WHAT IS NEEDED: Print exactly the lines below between the line containing "This image, one" and the line containing "Align the sides", counting both of those lines. Leave pictures out.

PROVIDED MATERIAL:
=== Section Start ===
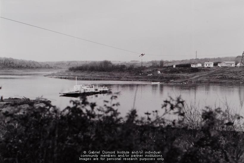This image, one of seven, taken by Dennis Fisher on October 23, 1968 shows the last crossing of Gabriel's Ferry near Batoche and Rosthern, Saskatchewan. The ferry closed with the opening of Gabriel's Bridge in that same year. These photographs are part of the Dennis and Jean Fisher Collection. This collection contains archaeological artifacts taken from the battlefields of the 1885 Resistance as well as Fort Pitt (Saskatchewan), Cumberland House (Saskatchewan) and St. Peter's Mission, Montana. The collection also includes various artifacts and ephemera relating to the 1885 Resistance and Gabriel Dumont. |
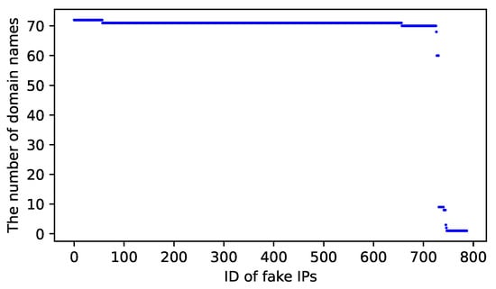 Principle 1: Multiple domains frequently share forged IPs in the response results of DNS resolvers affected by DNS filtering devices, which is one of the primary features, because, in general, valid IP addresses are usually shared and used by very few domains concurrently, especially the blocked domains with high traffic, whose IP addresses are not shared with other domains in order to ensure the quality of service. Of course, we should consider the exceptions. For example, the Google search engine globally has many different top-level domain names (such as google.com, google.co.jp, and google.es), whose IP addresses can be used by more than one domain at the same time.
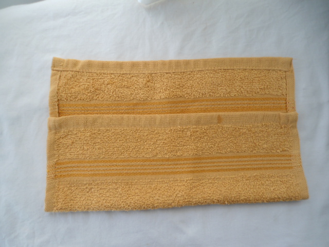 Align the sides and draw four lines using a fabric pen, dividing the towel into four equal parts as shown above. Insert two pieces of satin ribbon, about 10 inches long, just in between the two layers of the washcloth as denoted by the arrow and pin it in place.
=== Section End ===
=== Section Start ===
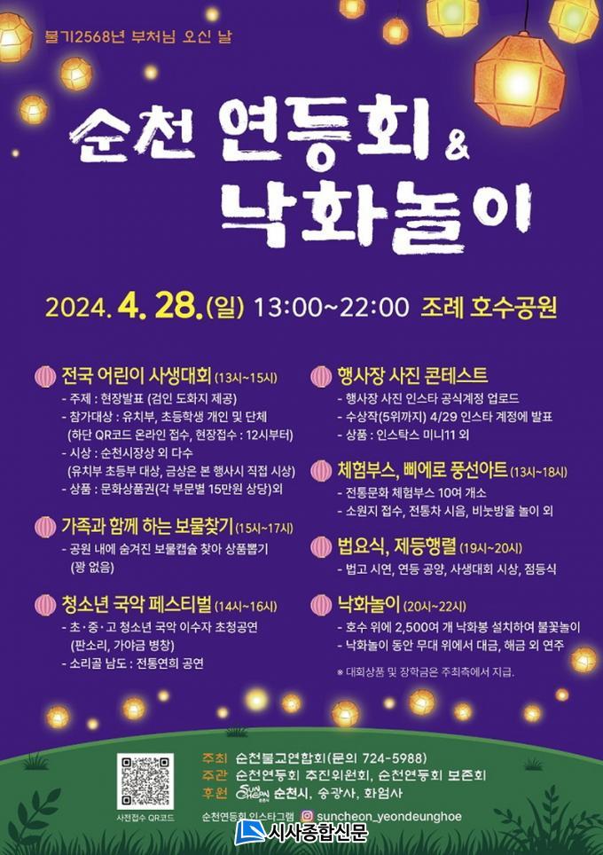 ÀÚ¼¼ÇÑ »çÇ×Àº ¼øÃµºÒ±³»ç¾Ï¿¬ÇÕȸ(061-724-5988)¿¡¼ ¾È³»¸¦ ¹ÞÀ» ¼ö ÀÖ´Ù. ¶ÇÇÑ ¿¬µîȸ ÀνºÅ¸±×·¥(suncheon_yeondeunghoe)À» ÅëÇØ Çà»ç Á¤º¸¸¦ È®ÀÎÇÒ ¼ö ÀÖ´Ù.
=== Section End ===
=== Section Start ===
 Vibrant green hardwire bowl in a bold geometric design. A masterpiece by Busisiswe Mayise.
=== Section End ===
RESULT FOR THIS EXERCISE:
This image, one of seven, taken by Dennis Fisher on October 23, 1968 shows the last crossing of Gabriel's Ferry near Batoche and Rosthern, Saskatchewan. The ferry closed with the opening of Gabriel's Bridge in that same year. These photographs are part of the Dennis and Jean Fisher Collection. This collection contains archaeological artifacts taken from the battlefields of the 1885 Resistance as well as Fort Pitt (Saskatchewan), Cumberland House (Saskatchewan) and St. Peter's Mission, Montana. The collection also includes various artifacts and ephemera relating to the 1885 Resistance and Gabriel Dumont. |
 Principle 1: Multiple domains frequently share forged IPs in the response results of DNS resolvers affected by DNS filtering devices, which is one of the primary features, because, in general, valid IP addresses are usually shared and used by very few domains concurrently, especially the blocked domains with high traffic, whose IP addresses are not shared with other domains in order to ensure the quality of service. Of course, we should consider the exceptions. For example, the Google search engine globally has many different top-level domain names (such as google.com, google.co.jp, and google.es), whose IP addresses can be used by more than one domain at the same time.
 Align the sides and draw four lines using a fabric pen, dividing the towel into four equal parts as shown above. Insert two pieces of satin ribbon, about 10 inches long, just in between the two layers of the washcloth as denoted by the arrow and pin it in place.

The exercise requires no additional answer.